There were at least six Columbia students within three feet of them. Lindsay shook her head. “I don't think so, Dr. Gruska. Why would you want my phone number anyway?” She wished immediately that she hadn't asked, for his show of uncertainty was replaced by a confidence that startled her with its arrogance. “So,” he said slowly, stroking his jaw, “you are still afraid of men, I see.”

She felt the deep corrosive fear. She held herself steady, still smiling at him. “It's none of your business, Dr. Gruska.”
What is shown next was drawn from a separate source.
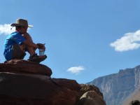 第四天,我们的导游是我最喜欢的Jefe。他是一位经验丰富的老导游,讲了很多关于峡谷的有趣故事。我们的同伴又是那对夏威夷姐妹。如果你想知道他们是怎么决定谁和谁一起划船的,导游鼓励客人每天都换乘,这样他们就能和所有导游一起划船了。这建议不错。否则,就按照先到先得的原则。我暗自担心没人愿意和我一起划船,因为害怕被问到没完没了的琐事和/或说着蹩脚的西班牙语,所以我等其他人都找到船后,我和儿子就占了仅剩的几个位置。

He leaned toward her, touching her arm. “Oh, but it is, Miss Foxe. I see now that you're a model, that you're known only as Eden. My dear father, Dr. Gruska, finds you immensely attractive. As I said, I've told him all about you. I've enjoyed seeing all the photos of you as well, but I know what they hide. They change you and you are willing to be changed, to be concealed, to be viewed as another woman, one who is not real. Even your
name, Eden—ah, the beginning, the innocence, the purity—it is not you, but just another device to hide you from the world, from yourself. You must let me—” He broke off, as if realizing his words weren't achieving the effect he wished, for her face was pale and set. Oddly, there was rage in her eyes, not fear. He continued, his voice gentle now, “I do not mean to distress you. It has been a very long time since your brother-in-law—well, since that traumatic time in Paris. So very long ago. If only you would let me help you. I can, you know, professionally as a doctor, and as a friend, a friend who is also a man who would take care of you, protect you, understand you.”